--- START ---

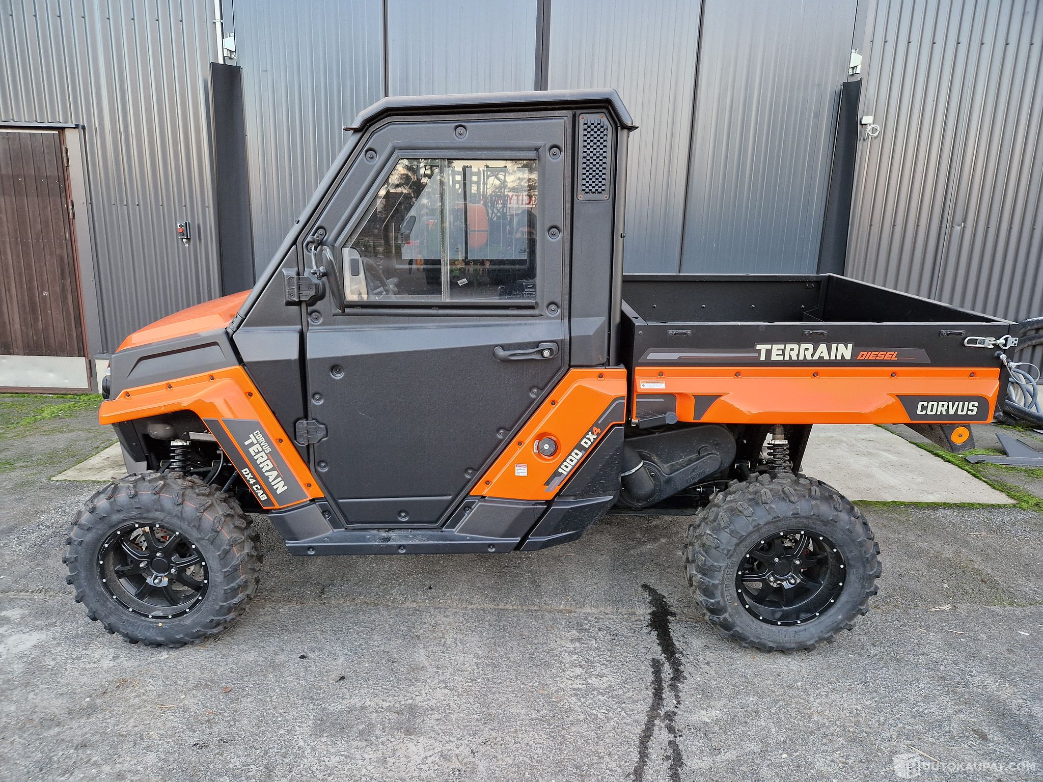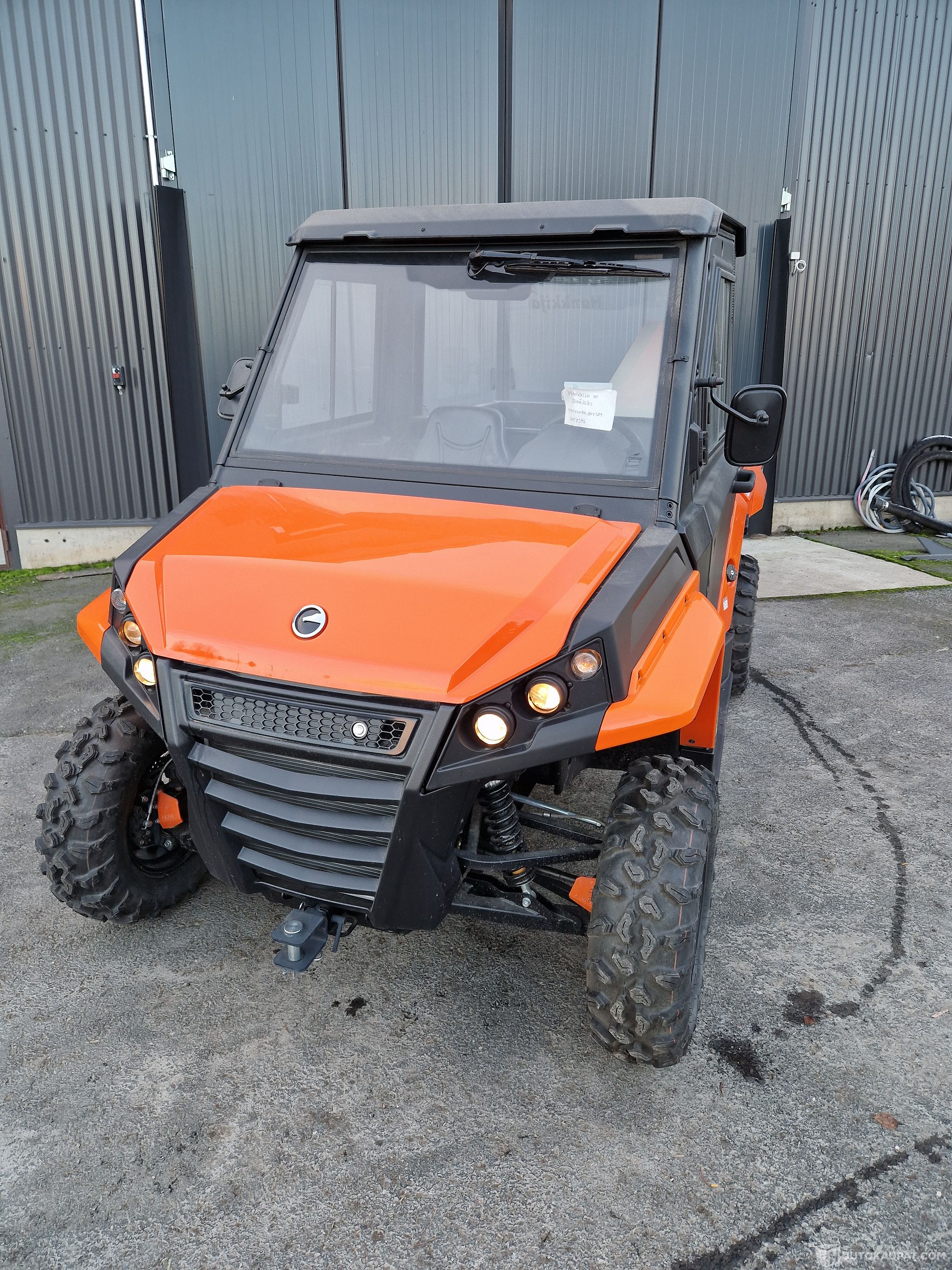 Vakiovarusteet Tuulilasi pyyhkijällä, takalasi, ovisarja, lämmityslaite, pohjan suojalevy, etuvetopiste, sisävalo, taustapeili, ohjaustehostin, kaksi säädettävää istuinta turvavöin, lukittava poltttoainetankin korkki.
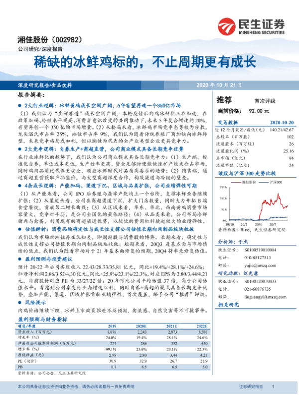 【民生证券】【20201021】20201021-民生证券-湘佳股份-002982.SZ-稀缺的冰鲜鸡标的,不止周期更有成长-37页 行业研究
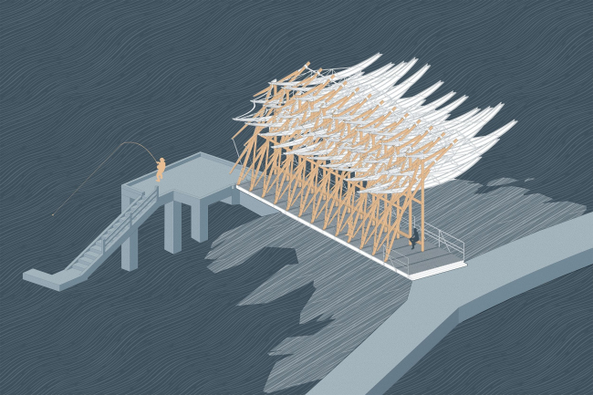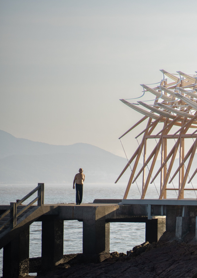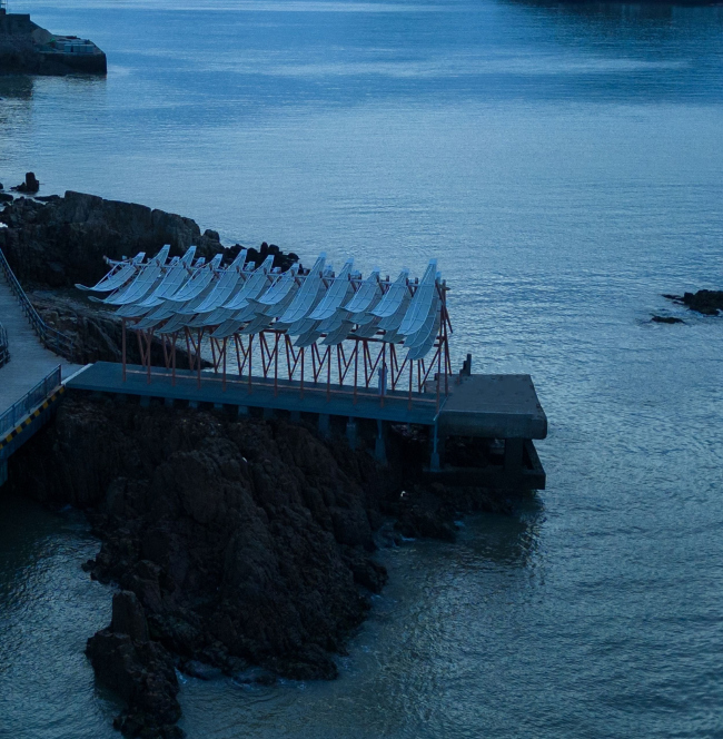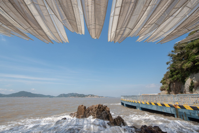 Павильон по проекту шанхайского бюро GN Architects, подчеркивая красоту пейзажа, служит для привлечения туристов на островок Чайшань в Восточно-Китайском море.

--- END ---

What you need to do
Reproduce the material exactly. Pictures stay out.

Your solution
 Vakiovarusteet Tuulilasi pyyhkijällä, takalasi, ovisarja, lämmityslaite, pohjan suojalevy, etuvetopiste, sisävalo, taustapeili, ohjaustehostin, kaksi säädettävää istuinta turvavöin, lukittava poltttoainetankin korkki.
 【民生证券】【20201021】20201021-民生证券-湘佳股份-002982.SZ-稀缺的冰鲜鸡标的,不止周期更有成长-37页 行业研究
 Павильон по проекту шанхайского бюро GN Architects, подчеркивая красоту пейзажа, служит для привлечения туристов на островок Чайшань в Восточно-Китайском море.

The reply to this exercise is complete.